The acquisition of Nantong Hymo has grown Freudenberg’s Asian interlinings business to now include more than 1000 employees throughout Asia where it operates five factories—in Suzhou, China, Nantong, China, Seoul, Korea, Yang-Mei, Taiwan and Chennai, India. It now generates sales of approximately $150 million in Asia.

Also in Asia, Freudenberg formed a joint venture in 2004 in the filtration segment. Freudenberg, Japan Vilene and Chinese partners formed a company called Freudenberg & Vilene Filter (Changchun) Co. Ltd., which acquired the filtration business of Changchun Autofilter Company. This venture is supplying motor and cabin air filter housings as well as filter elements to leading automotive manufacturers in Northern and Eastern China and is helping fuel Freudenberg’s position in the Chinese automotives market, particularly with its micronAir cabin air filters.
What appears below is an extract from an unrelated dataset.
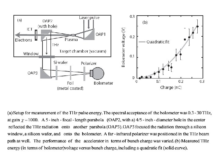(a) Setup for measurement of the THz pulse energy. The spectral acceptance of the bolometer was 0. 3− 3 THz, at gain χ = 1000. A thin foil reflected the THz radiation through the Rexolite window, through pieces of poly-Styrene and Teflon, and onto the bolometer. (b) Measured THz energy (∼bolometer voltage) versus bunch charge. The performance of the accelerator in terms of bunch charge was varied during the data collection. The agreement between the data and a quadratic fit demonstrates the coherent nature of the radiation.
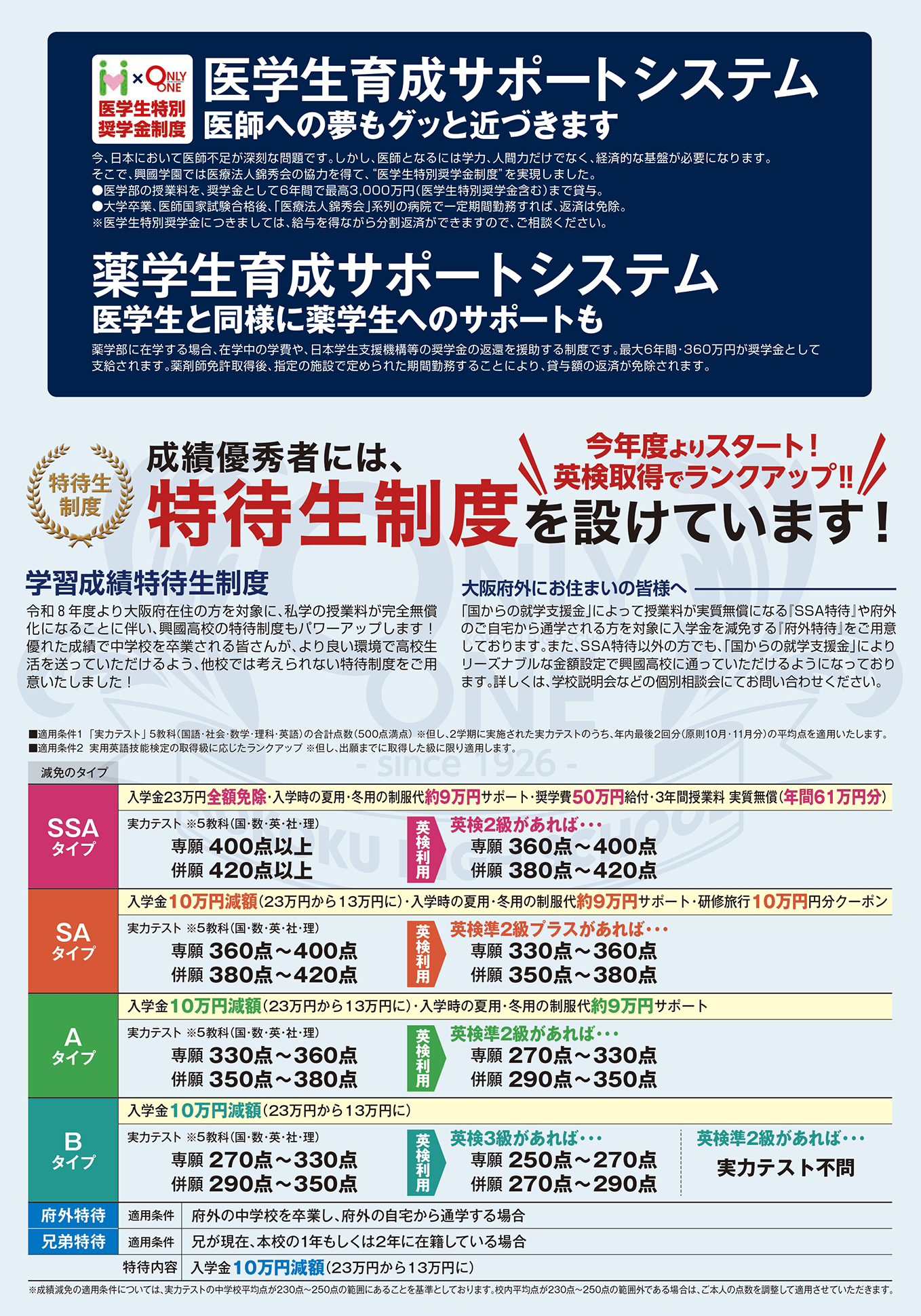 その他、詳細は興國高等学校事務局までお問い合わせ下さい。

By division, Freudenberg’s tuft business, which is centered around polyester spunbond technology, has witnessed strong sales in Asia but has been challenged by rising raw material prices, which have been hard to pass along to customers, as well as by the chapter 11 status of one of its key customers. On the plus side, however, the division is set to benefit  from new fine fiber polyester spunbond technology being installed in Kaiserslautern, Germany. This new line will start up during the first quarter of next year and will target a broad range of fine fiber durable polyester spunbond markets.

Increasing its importance to Freudenberg is the filtration market, where it continues to roll out products and announce investment strategies to grow its business globally. While sales growth continues in Latin America and North America, this division has seen heavy pricing pressures in Europe, particularly in Germany, amidst higher raw material costs.

Freudenberg continues to see movement of its interlinings business into Asia, a situation being remedied to some degree by its investment in Nantong Hymo, which has resulted in lower European and U.S. sales and a boosted Asian business. Freudenberg’s new product Vilene X!treme, which is being billed as the world’s first super elastic interlining with softness, resiliency, multifunctionality and good care properties, has received positive feedback from the market.

In hygiene and medical, Freudenberg continues to avoid mass production in commodity segments and instead has targeted niche applications such as topsheets, barrier leg cuffs, acquisition layers and textile backsheets as well as products for incontinence and feminine hygiene and nonwovens for wound care applications. These segments allow Freudenberg to offer, and be rewarded for, innovation and value.

Freudenberg’s fifth segment, technical nonwovens, includes a wide range of smaller niche and specialty applications. In North America, major areas of interest include fire blockers for the mattress industry— driven by state and federal regulations—window shades, automotive interior applications and hoodliners, while in Europe, cable wraps, battery separators, automotive interiors, fiber-reinforced plastics and acoustics are showing promising activity.

Beyond its five key divisions, Freudenberg continues to focus on two key specialty products—Evolon and Novolon. Evolon, made from continuous filament spunlaced nonwovens, features good drapabilty, soft feel and high tensile strength, making it ideal for many applications such as specialty wipes, antimite bedding, technical packaging and artificial leather. According to Mr. Schroeder, sales of this material are still below expectation, but the company is making good progress in a number of products. Meanwhile, Novolon, a technology that can transform a two-dimensional product into a three-dimensional object, is still in its development stage, being made on a start-up line in Durham, NC.